10-Year T-Yield Hits Brick Wall At 1.75% – Breakout Retest At 1.63%

The 10-year T-yield is itching to move lower – at least near term – if nothing else just to unwind its overbought condition. This could have implications for tech shares and gold, among others.

The 10-year Treasury yield is beginning to give out signs of fatigue. These rates have had a massive rally, having bottomed at 0.4 percent in March last year. Momentum shifted into a higher gear after resistance at one percent fell early this year, followed by 1.2 percent mid-February, 1.4 percent toward the end of that month, and then 1.63 percent mid-March (Chart 1).

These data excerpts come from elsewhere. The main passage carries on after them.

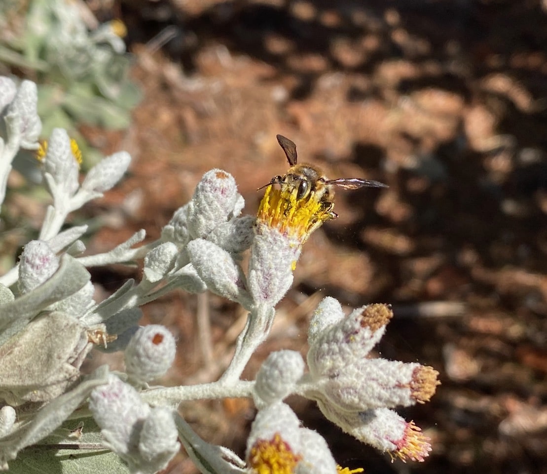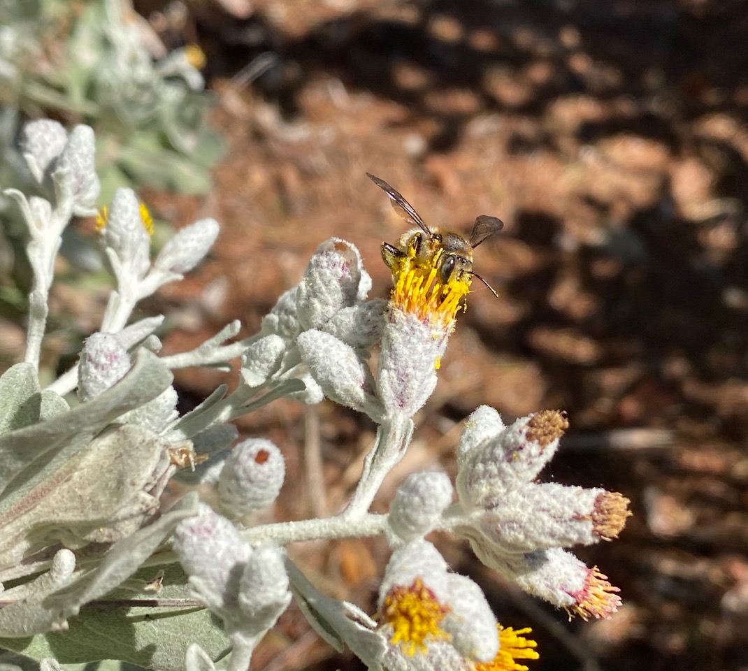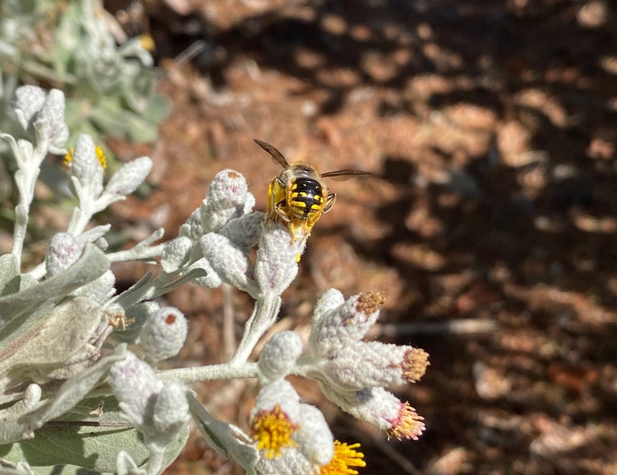 We stop by the garden of another Mendocino Park volunteer, Dave, kitty-corner from Anita’s. The Hazardia in the front garden is still blooming beautifully. A large European Woolcarder Bee, Anthidium manicatum (family Megachilidae) has landed on the a small flowerhead with barely enough standing room for the bee. I am intrigued – most Anthidium are known to visit flowers with bilateral symmetry, such as those of the pea and mint families. I don’t remember seeing one on an Asteraceae flowerhead.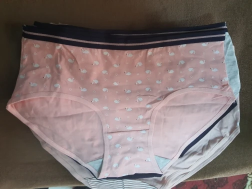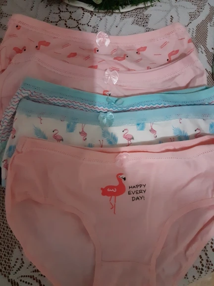 Трусики хорошего качества.на 44 размер L подошёл.доставка за две недели... странно что в отзыве нет возможности оставить фотку....Заказ пришел в zip пакете 5 штук..размер у всех одинаковый,на одних только бантик чуть левее пришит а не посередине...после стирки на программе женского белья 30градусов цвет и форму не потеряли.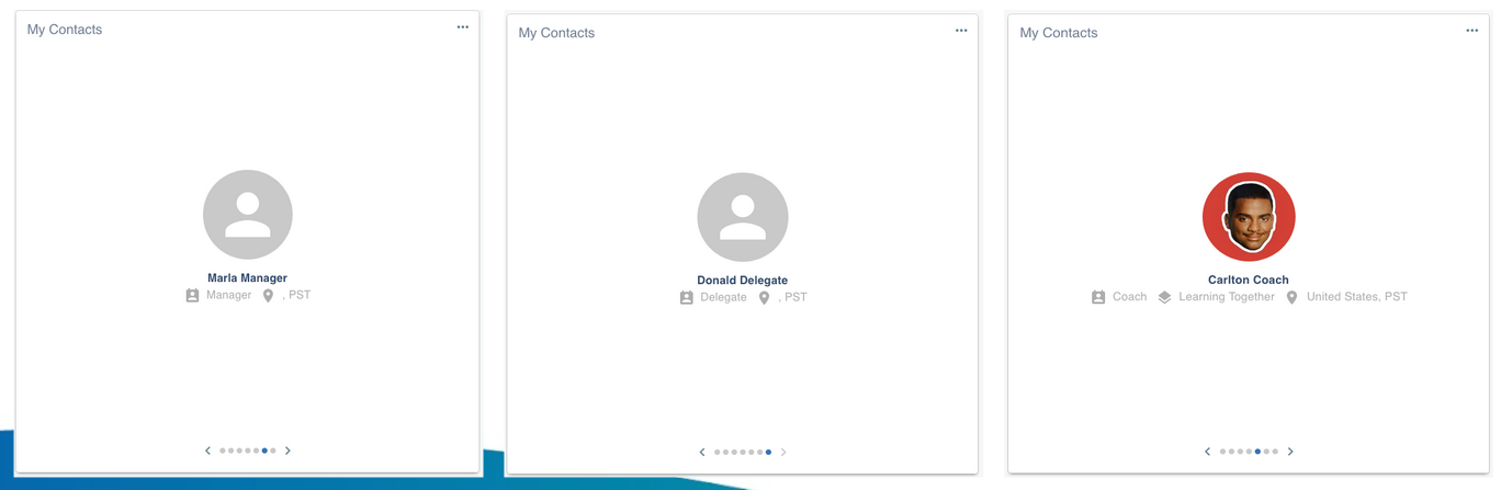 The My Contacts card on the dashboard has been updated to only show users that the logged in user:
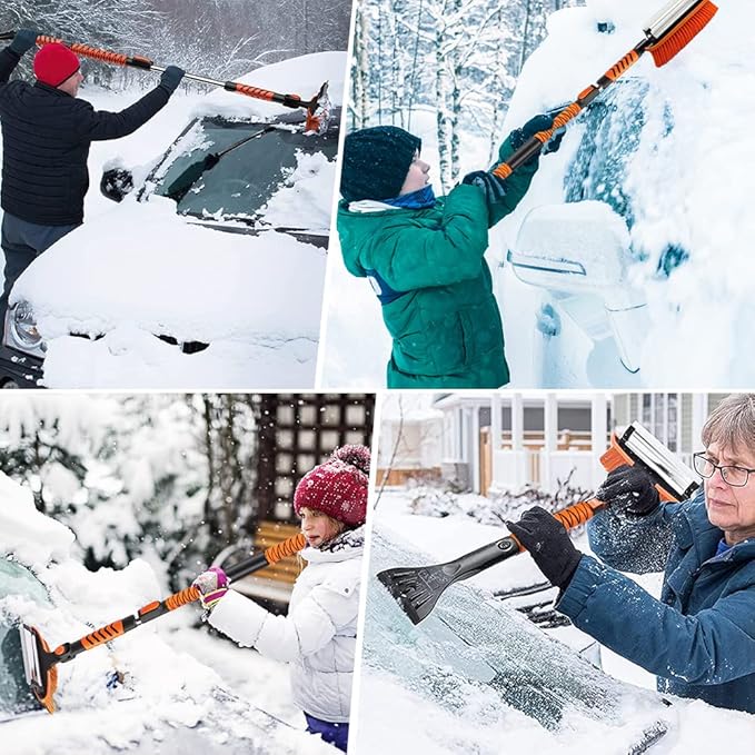 [ブラシ角度調整可] 高密度で太いブラシが雪を素早く除去し、時間と労力を節約します。ブラシのボタンを押すと、ブラシの角度を調整できる。ブラシのもう一方の端はシリコン素材で、ガラスを傷つけず、除污や排水に便利です。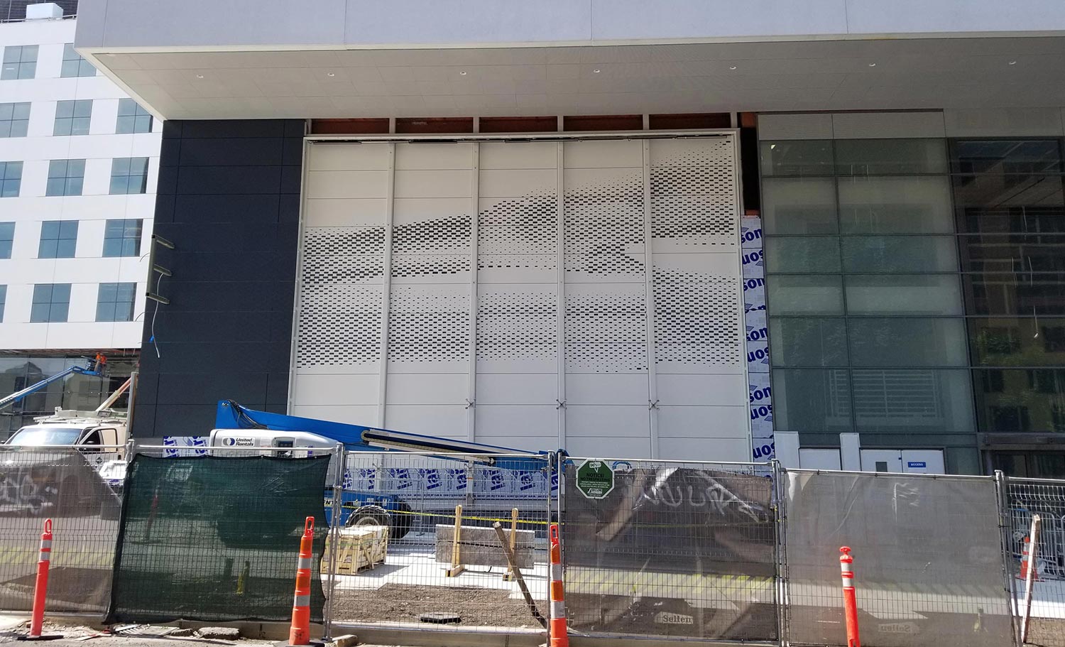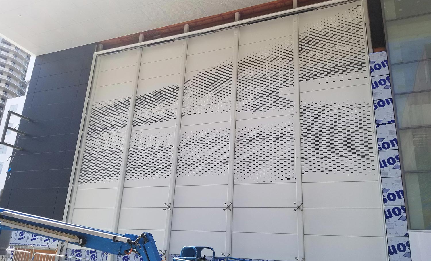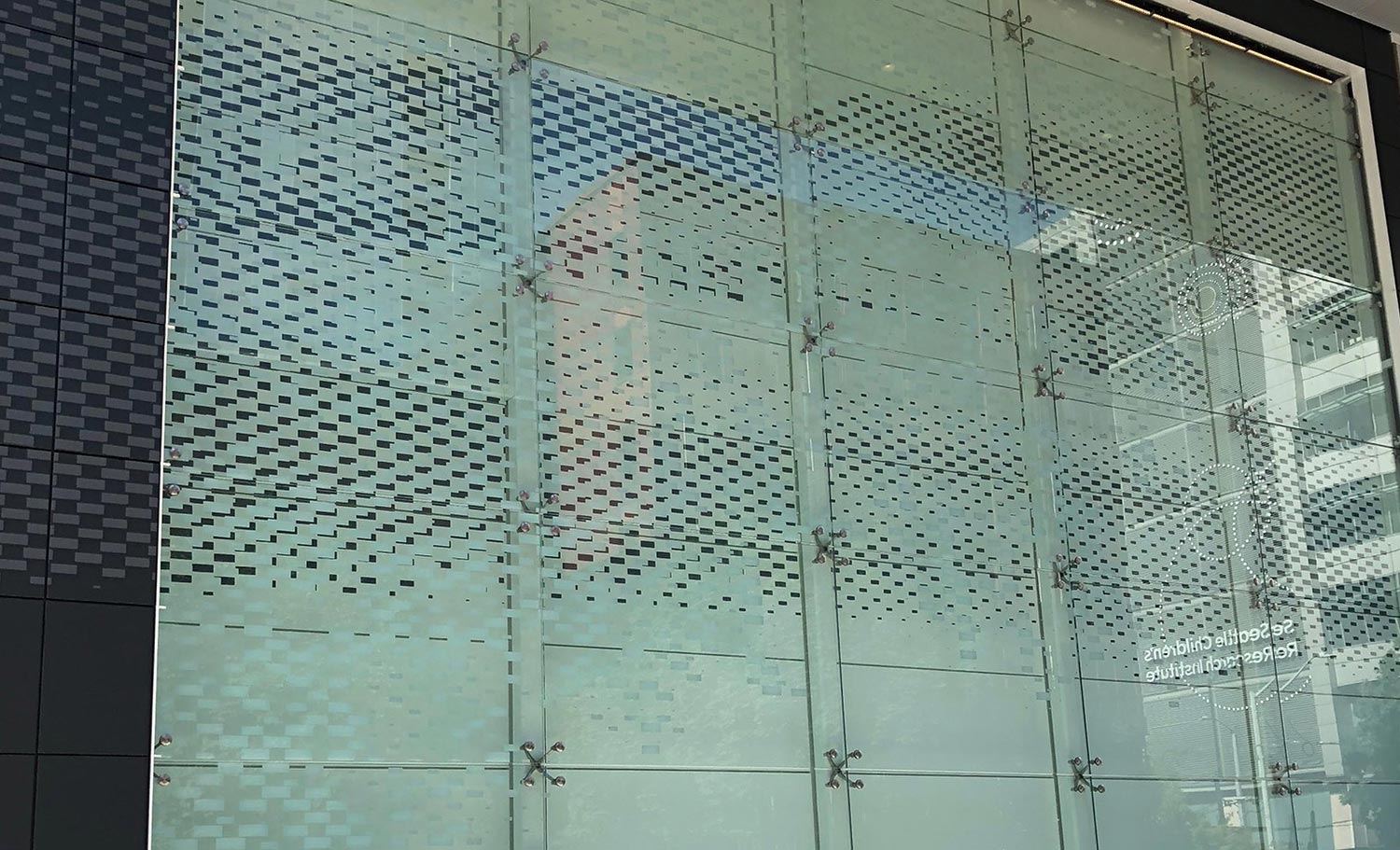 Hyatt Regency Seattle We were asked to do something that has never been done before. A non-repeating stenciled pattern reproduced on over 100 feet of wall space. The stencil had to be accurate within 1/8 inch across the entire 100 foot span. This is a very detailed process as we have to accommodate all of the wall transitions, corner bends, openings, doors, and other architectural elements. We provided a custom made sandblasting stencil for the priming and painting. This entire process was done in-house by our sign manufacture and design team, as well as our install and paint crew. We specialize in tackling those unique projects that require special planning and solutions.
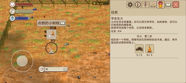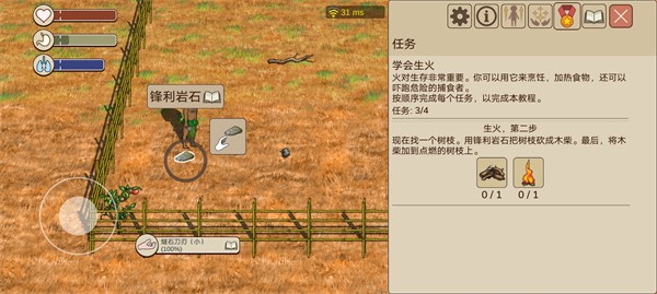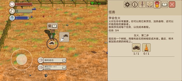 2、如图一找到枯枝不用管,然后如图二再去找锋利岩石对枯枝进行加工变成柴,再用柴对生火的树枝进行加工让它烧的更旺。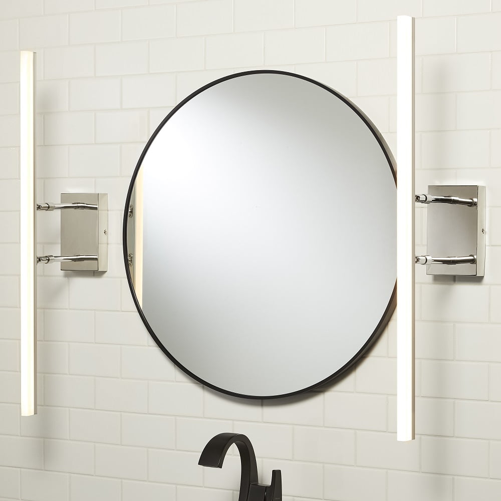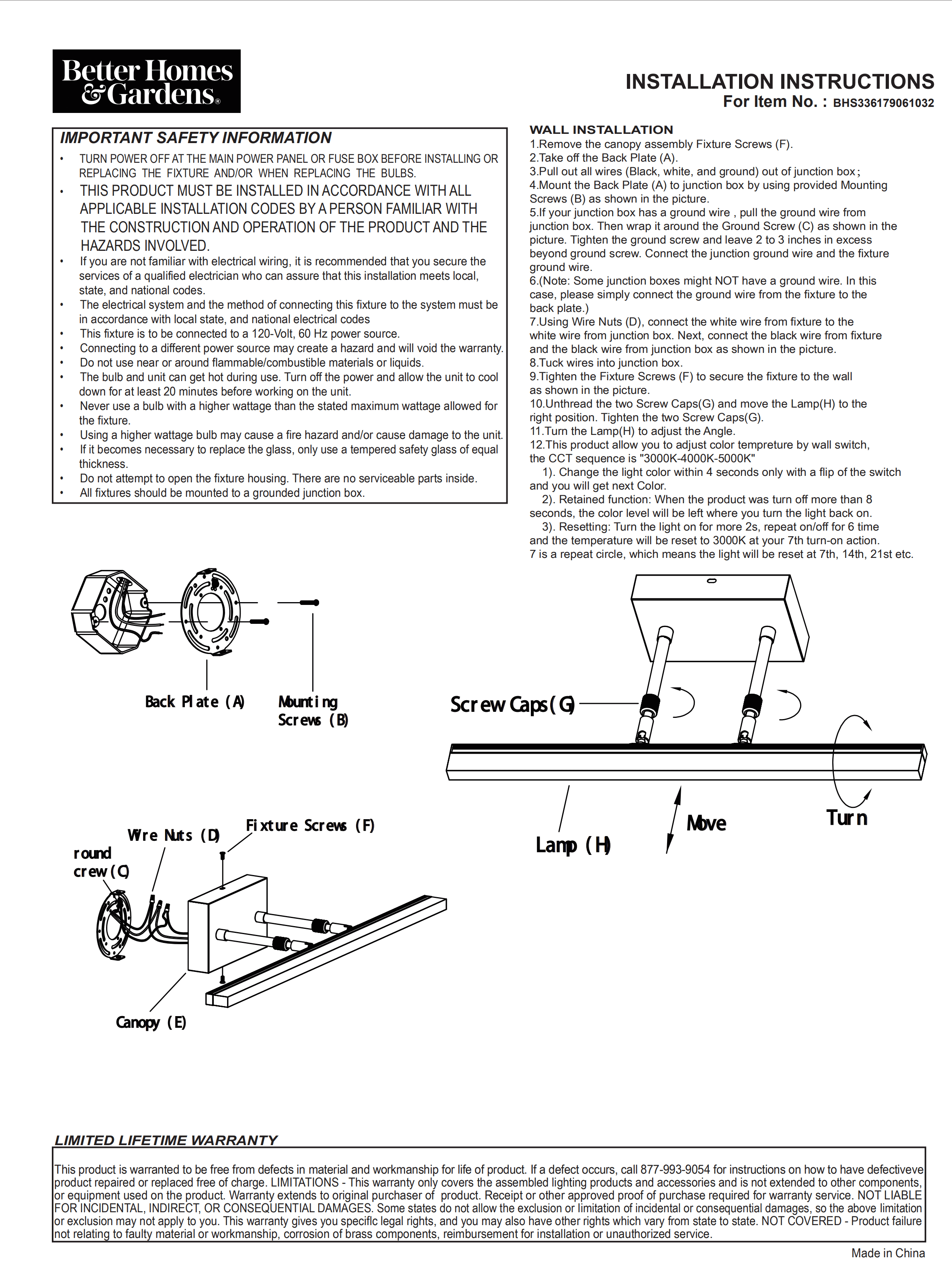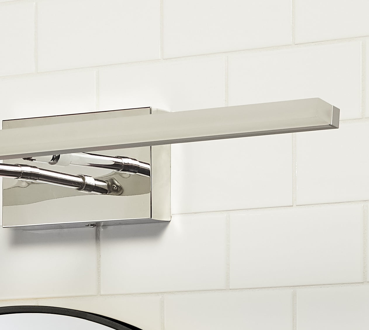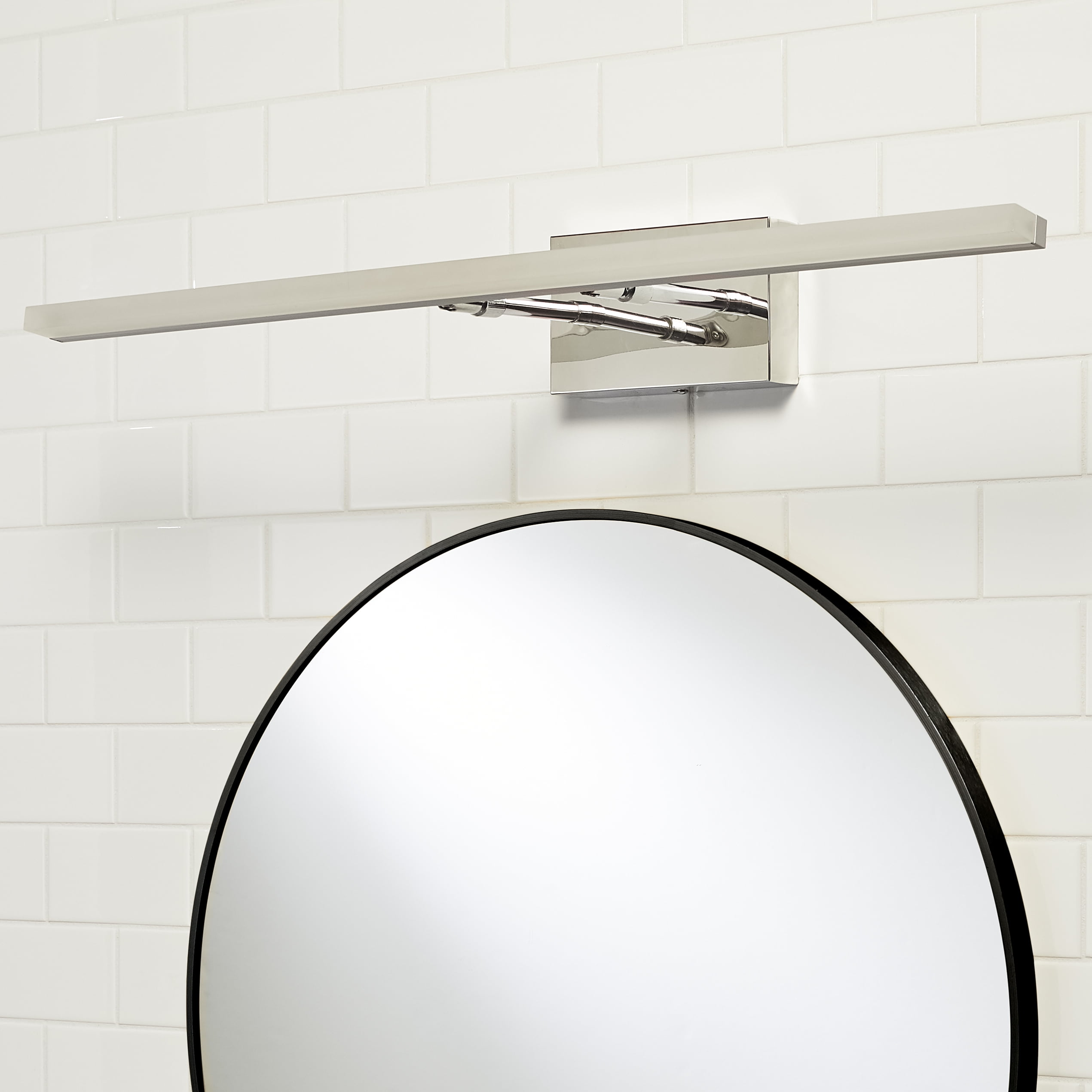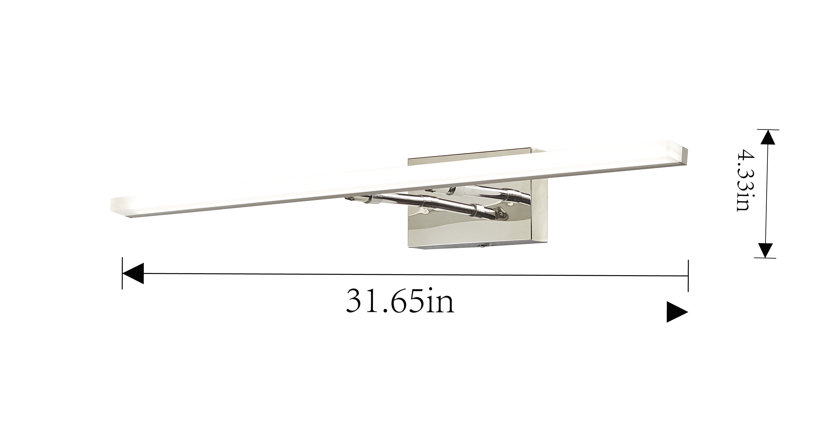 Better Homes & Gardens Integrated LED Light Bar Style: Modern Finish: Chrome Wattage: 15 Watts Dimensions: 31.65″ Wide; Adjustable depth: 9.45 – 12.2 inches Mounting: Wall Mount Power Type: 120V Hardwired Light Output: 1,100 Lumens Selectable Color Temperatures: 3000K / 4000K / 5000K Estimated Energy Cost: $1.81 per year (based on 3 hours per day, 11¢/kWh; cost depends on rates and use) Lifespan: 50,000 hours

Shortly after that breakout, the 10-year tagged 1.75 percent a couple of times, before printing 1.77 percent on March 30, followed by a brush against 1.75 percent a couple more times. In essence, resistance at 1.75 percent has proven tough the past three weeks. Bond bears (on price) hope rates are just resting here. If so, a breakout at 1.75 percent would just about ensure a march toward two percent.

From this standpoint, the 10-year is essentially in no-man’s land currently. It closed Tuesday at 1.66 percent and a breakout retest at 1.63 percent probably lies ahead. A failed test opens the door to a test of 1.4 percent. The 50-day moving average, which is now sharply rising, lies around there at 1.42 percent.

This latest behavior on the long end of the treasury yield curve is taking place at a time when economic growth is picking up speed. At the March 16-17 FOMC meeting, the Fed raised its real GDP growth forecast to 6.5 percent this year, up from 4.2 percent last December; core PCE inflation forecast went from 1.8 percent to 2.2 percent.

In March, the economy added much better-than-expected 916,000 non-farm jobs, to 144.1 million. Since last April, 14 million new jobs have been created. Although, there are still 8.4 million fewer jobs from the pre-pandemic record high of 152.5 million reached in February last year.

Job openings, however, have exceeded that threshold, with February seeing 268,000 new openings, to 7.37 million, versus 7.15 million in January last year (Chart 2).